Once king in the satellite supply chain, performance now might have dropped to third after schedule and cost. As past launches were sometimes a decade in the making, Pearson notes, "By the time you launch them, the capabilities are obsolete."

The time frame for Roccor is now a year or two from order to launch, and it can be shorter. "That's really fast for DOD," he says.

About 20 engineers are on staff, with 15 in management and office positions and 15 on the manufacturing floor. Roccor manufactures high-strength composites for its products in-house. "That really allows us to come up with the optimal solution."

The company also contracts with local machine houses and testing labs and sources some motors and release mechanisms from Honeybee Robotics in Longmont.

Roccor has expanded from 10,000 square feet to 24,000 since 2016, went through AS9100 certification in 2019 as it upgraded its ERP system.

"It's built for growth," says Pearson. "We're anticipating our backlog is actually going to treble before the end of Q1. That's really good evidence the growth is actually accelerating. It's not slowing down."
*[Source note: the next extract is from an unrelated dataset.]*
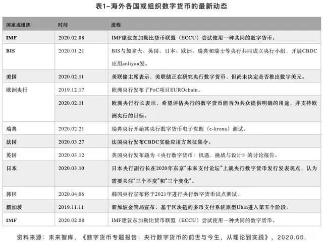 今年初,国际货币基金组织(IMF)将数字货币列为2020年的首要任务之一,国际清算银行与欧洲央行、英国央行、瑞士央行、日本央行和加拿大央行共同成立央行小组,开展CBDC应用案例研发。
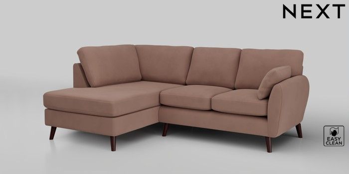 6.12.1 Buy Wilson Medium Corner Chaise - Left Hand Plush Velvet Easy Clean Mid Natural Retro Tapered - Dark Brown from the Next UK online shop Click here to use our accessible website

Challenges: "It's just managing growth," says Pearson. "We're actually a bootstrapped company. It's 100 percent employee-owned."

While this means the company has a flat organizational structure and "agility," it also means there's no deep-pocketed partner to help fund long-term plays.

Opportunities: Pearson says analysts have projected that 3,000 small satellites could launch by 2025, as compared to "dozens" of traditional satellites in a comparable time frame.

That means Roccor's orders will grow. "Not onesies-twosies," he says. "There could be 10-plus units."

Another noteworthy project that could drive future growth: The NASA Solar Cruiser, with an 18,000-square-foot solar sail that would propel a small spacecraft on an orbit around the Sun.

Pearson says Roccor is working with Ball Aerospace on the sail. "Just trying to come up with a plan of how to test that on the ground is very challenging," he says, noting that the company holds an exclusive license on the solar sail technology, dubbed FURL.

Needs: Talent. Pearson says he expects to hire as many as 20 new employees in 2020. "I think staff is key," he says. Programmers with "a flight-hardware pedigree" as well as mechanical and power systems engineers.

Capital could accelerate building the capacity to meet demand. "We have considered some outside investment," notes Pearson, "but so far we've resisted that. We think we can retain the growth rate we have now and do it in a more efficient manner if we can manage ourselves."